=== Required action ===
Produce as output only the lines below starting at the line with "Men Cow Leather" and continuing through the line with "٤٧٥١٠ - قال", each one exactly as written.

=== Provided material ===
=======

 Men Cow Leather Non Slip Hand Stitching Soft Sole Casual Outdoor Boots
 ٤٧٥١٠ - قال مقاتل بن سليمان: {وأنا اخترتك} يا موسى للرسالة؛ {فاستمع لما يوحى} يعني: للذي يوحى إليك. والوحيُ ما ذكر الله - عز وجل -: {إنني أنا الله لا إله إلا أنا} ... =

=======

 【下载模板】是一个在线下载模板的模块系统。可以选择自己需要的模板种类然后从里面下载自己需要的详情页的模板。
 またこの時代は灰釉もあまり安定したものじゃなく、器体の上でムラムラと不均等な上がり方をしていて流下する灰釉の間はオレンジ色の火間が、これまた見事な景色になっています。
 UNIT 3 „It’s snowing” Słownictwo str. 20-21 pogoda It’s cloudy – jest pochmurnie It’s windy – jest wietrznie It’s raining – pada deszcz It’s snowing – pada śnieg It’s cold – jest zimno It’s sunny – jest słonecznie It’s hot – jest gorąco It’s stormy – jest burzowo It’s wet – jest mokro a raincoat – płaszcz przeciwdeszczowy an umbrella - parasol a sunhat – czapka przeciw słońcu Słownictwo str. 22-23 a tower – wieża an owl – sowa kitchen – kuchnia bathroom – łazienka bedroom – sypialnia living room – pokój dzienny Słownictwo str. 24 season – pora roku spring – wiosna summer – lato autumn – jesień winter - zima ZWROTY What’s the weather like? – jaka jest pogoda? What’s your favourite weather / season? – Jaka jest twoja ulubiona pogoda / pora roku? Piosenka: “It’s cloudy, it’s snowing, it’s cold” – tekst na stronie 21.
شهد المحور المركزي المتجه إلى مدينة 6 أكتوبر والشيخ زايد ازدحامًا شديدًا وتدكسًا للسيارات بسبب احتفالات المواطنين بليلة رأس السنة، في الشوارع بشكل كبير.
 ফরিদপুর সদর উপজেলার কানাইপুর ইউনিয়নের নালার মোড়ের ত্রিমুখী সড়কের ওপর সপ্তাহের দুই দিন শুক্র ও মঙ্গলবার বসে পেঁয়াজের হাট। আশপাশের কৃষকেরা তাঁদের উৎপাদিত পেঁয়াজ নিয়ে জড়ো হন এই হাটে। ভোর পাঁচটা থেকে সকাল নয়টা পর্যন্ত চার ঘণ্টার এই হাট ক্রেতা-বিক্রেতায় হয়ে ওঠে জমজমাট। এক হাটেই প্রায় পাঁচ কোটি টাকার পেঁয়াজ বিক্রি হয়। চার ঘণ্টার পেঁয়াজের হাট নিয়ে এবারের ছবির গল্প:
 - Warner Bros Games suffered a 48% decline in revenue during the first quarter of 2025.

=======

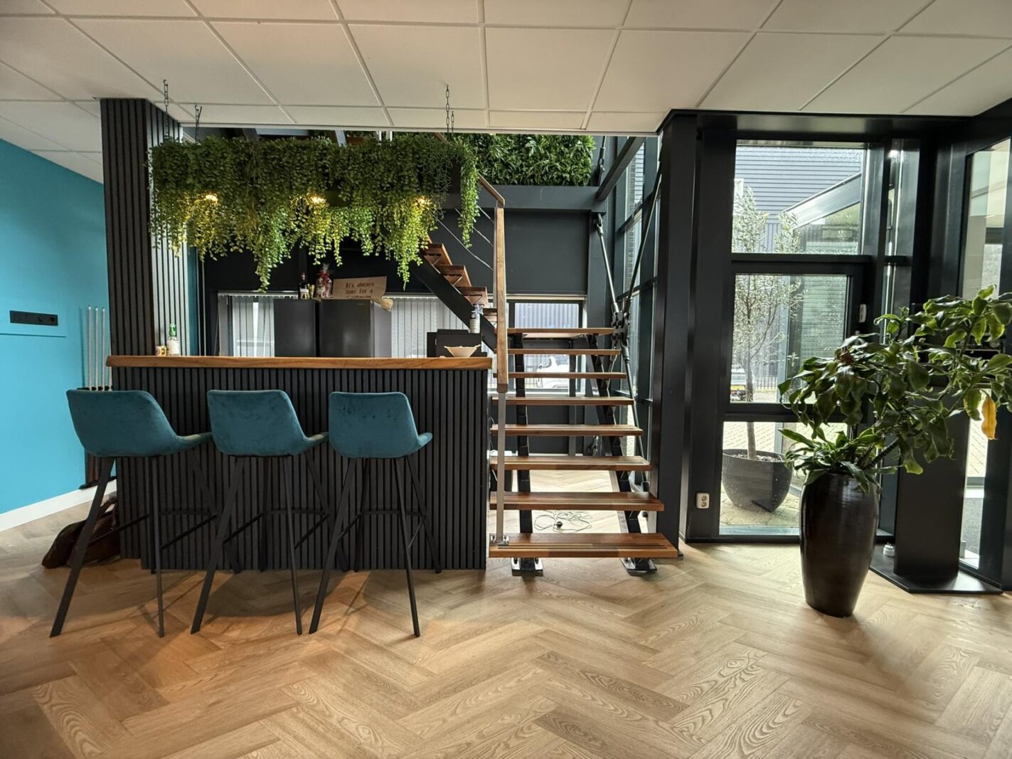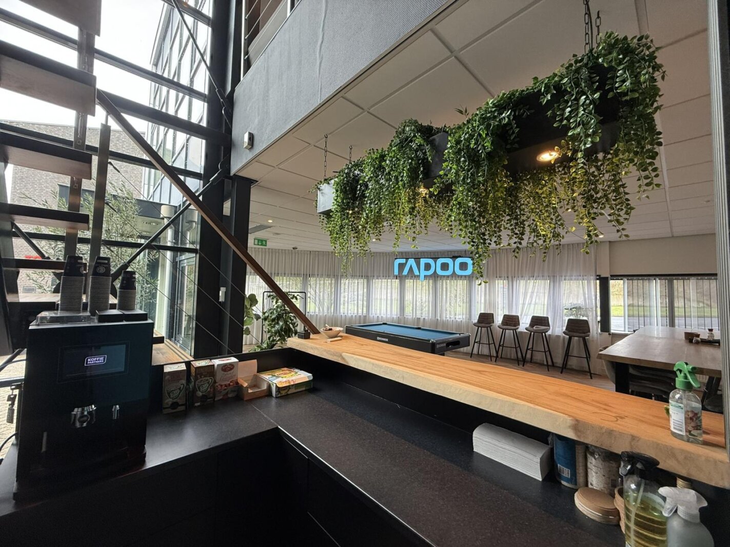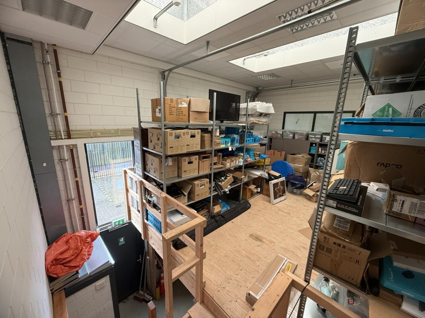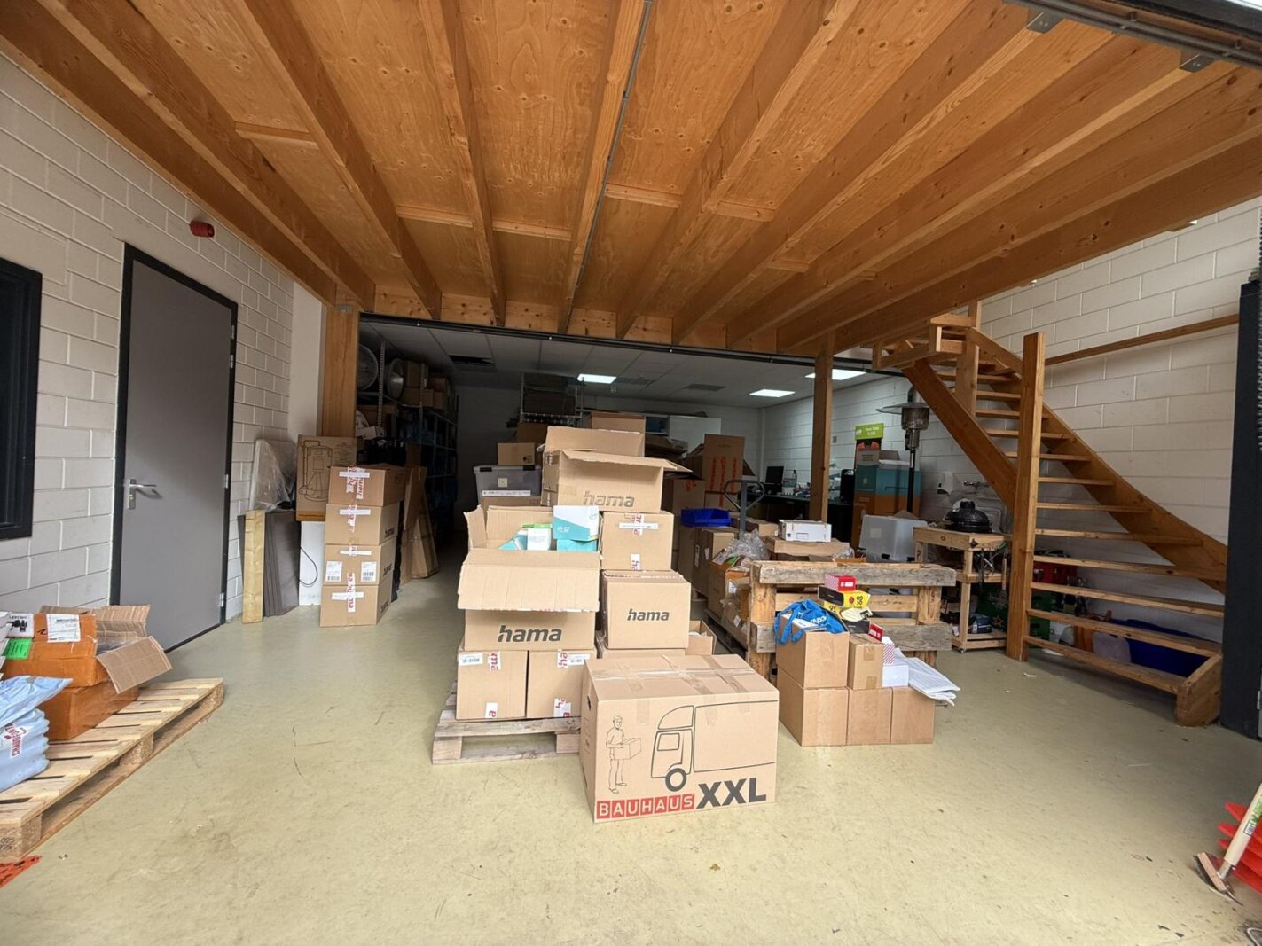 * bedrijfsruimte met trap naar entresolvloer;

=======

=== Solution ===
 Men Cow Leather Non Slip Hand Stitching Soft Sole Casual Outdoor Boots
 ٤٧٥١٠ - قال مقاتل بن سليمان: {وأنا اخترتك} يا موسى للرسالة؛ {فاستمع لما يوحى} يعني: للذي يوحى إليك. والوحيُ ما ذكر الله - عز وجل -: {إنني أنا الله لا إله إلا أنا} ... =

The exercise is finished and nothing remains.